Re: [PATCH 0/6] drm/amdgpu: Improve retry fault handling

AMD-GFX Archive on lore.kernel.org
 help / color / mirror / Atom feed

From: "Timur Kristóf" <timur.kristof@gmail.com>
To: Alex Deucher <alexdeucher@gmail.com>,
	"Shetaia, Amir" <Amir.Shetaia@amd.com>
Cc: "amd-gfx@lists.freedesktop.org" <amd-gfx@lists.freedesktop.org>,
	"Deucher, Alexander" <Alexander.Deucher@amd.com>,
	"Koenig, Christian" <Christian.Koenig@amd.com>,
	"Marek Olšák" <maraeo@gmail.com>,
	"Natalie Vock" <natalie.vock@gmx.de>,
	"Melissa Wen" <mwen@igalia.com>
Subject: Re: [PATCH 0/6] drm/amdgpu: Improve retry fault handling
Date: Wed, 13 May 2026 19:51:49 +0200	[thread overview]
Message-ID: <10056920.eNJFYEL58v@timur-hyperion> (raw)
In-Reply-To: <PH8PR12MB688984F5D361A30D77FB046E87062@PH8PR12MB6889.namprd12.prod.outlook.com>

Hi Amir,

Thanks for the quick response!
See my replies below.

On Wednesday, May 13, 2026 7:28:41 PM Central European Summer Time Shetaia, 
> 
> Thanks for looping me in. Yes, we've been deep in NV4 (gfx1201) XNACK for
> the past few weeks and what you're describing on NV48 lines up closely with
> what we've seen

> Quick highlights from my work:
> 
> 1. IH retry CAM ACK doesn't actually free the slot when written via
> WDOORBELL on NV4 .. we have to use MMIO
> (WREG32_SOC15(OSSSYS, 0,
> regIH_RETRY_CAM_ACK, cam_index & 0x3ff)).

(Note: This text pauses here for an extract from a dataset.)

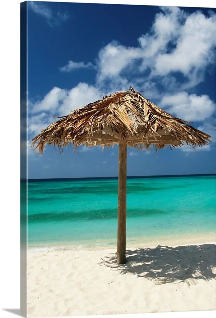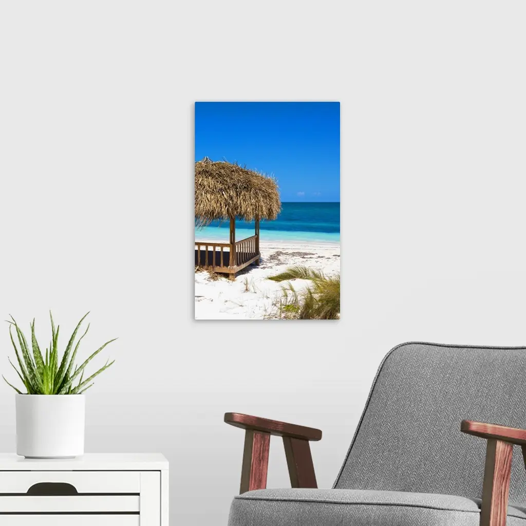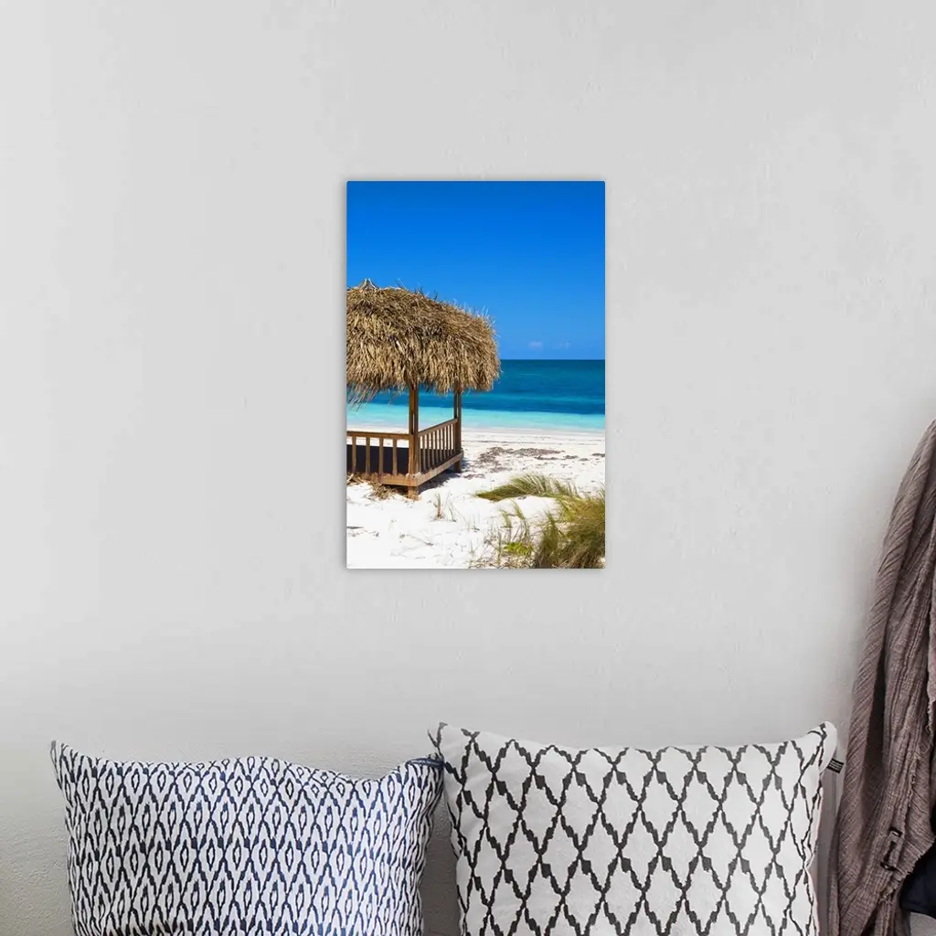 Relaxing photograph of a cabana on the white sands of a Cuban beach with beautiful blue water in the background.

I agree. That's my conclusion as well and that's exactly what I'm doing in my 
series for Navi 31, see the following patch:
"drm/amdgpu: Enable retry CAM on Navi 3 dGPUs"

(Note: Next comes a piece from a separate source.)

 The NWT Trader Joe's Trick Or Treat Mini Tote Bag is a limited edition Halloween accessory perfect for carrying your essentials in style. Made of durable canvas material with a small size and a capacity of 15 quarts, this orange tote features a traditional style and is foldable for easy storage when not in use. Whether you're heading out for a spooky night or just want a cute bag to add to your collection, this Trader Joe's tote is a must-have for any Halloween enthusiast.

> "fault never resolves" is exactly the symptom you'd see if the
> CAM never gets cleared. 

Not exactly.

When the CAM never gets cleared, the first page fault is still resolved, but 
subsequent page faults (that belong to the same CAM entry) will cause a hang 
because the IRQ handler is not called (because the IRQ is filtered out).

That's not what I see on Navi 48. Instead what I see is that the IRQ is fired 
repeatedly and amdgpu_vm_handle_fault() is called repeatedly, but just doesn't 
resolve the fault.

> 2. gfx12 needs its own retry-fault detection path ..
> amdgpu_gmc_handle_retry_fault on gfx9-era constants
> (AMDGPU_GMC9_FAULT_SOURCE_DATA_RETRY on src_data[1]) never matches on
> gfx12. We added a gfx12-native handler that reads from src_data[2] for NV4.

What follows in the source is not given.